→ WHAT IS NEEDED: Copy the lines of the data below exactly, starting at the first and stopping after the line that contains "Кутия за компютър"; include no pictures.
(DATA EXTRACT)
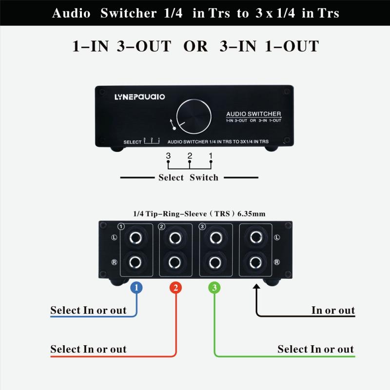 1. 1 input and 3 output or 3 input and 1 output of LINEPAUDIO products , passive stereo speaker audio switch, is a manual stereo speaker switch.
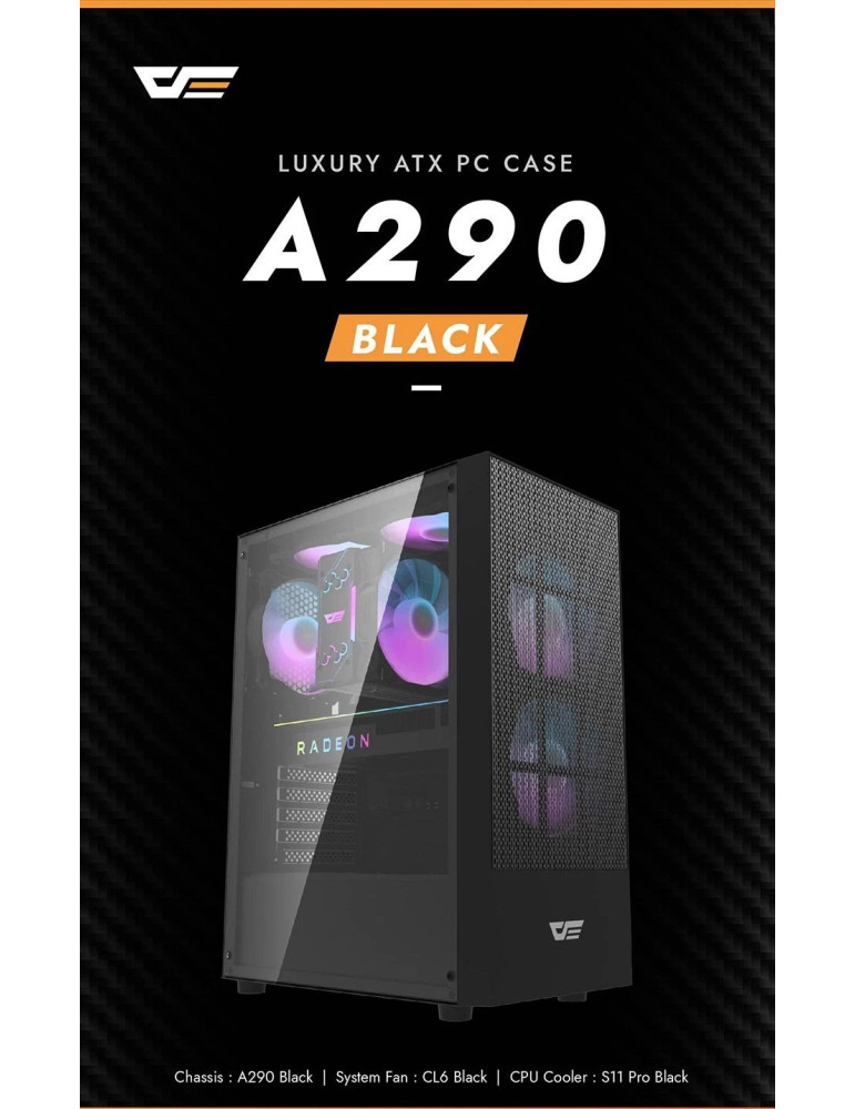Кутия за компютър Darkflash A290 Black, ATX, с включени 3бр RGB вентилатора - A290-BK
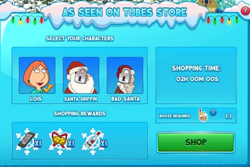 Simply tap on SELECT to choose the Character, at first you’ll only have Lois showing as available as you work toward unlocking Santa Griffin and Willie Stokes. Once you’ve selected your character or characters, yes you can select more than one once available, simply tap SHOP.
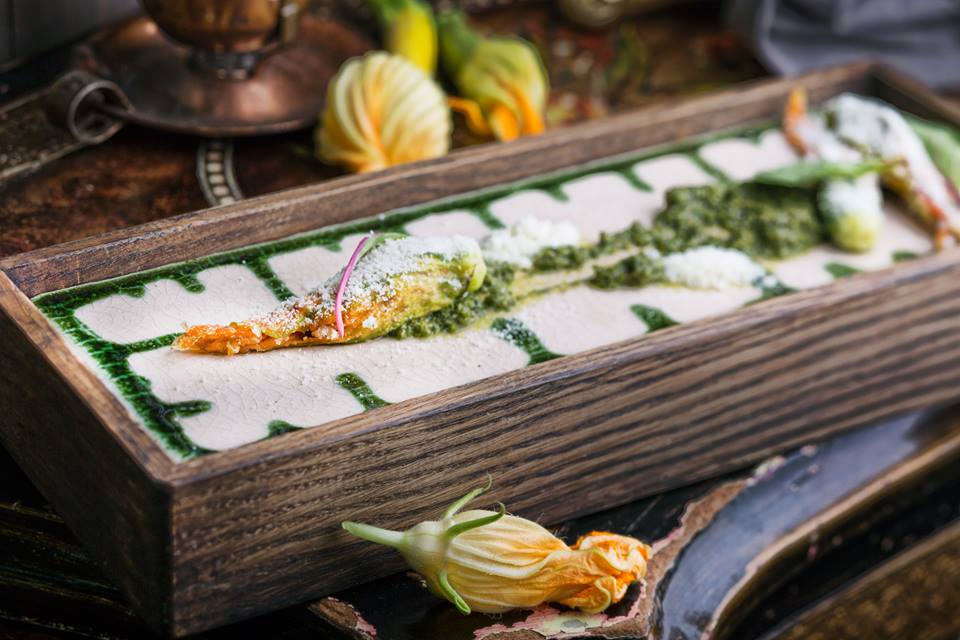 Кабачкові квіти зі смаженими лисичками та снігом із бринзи (98 гривень)
(End DATA EXTRACT)
→ RESULT BELOW:
 1. 1 input and 3 output or 3 input and 1 output of LINEPAUDIO products , passive stereo speaker audio switch, is a manual stereo speaker switch.
Кутия за компютър Darkflash A290 Black, ATX, с включени 3бр RGB вентилатора - A290-BK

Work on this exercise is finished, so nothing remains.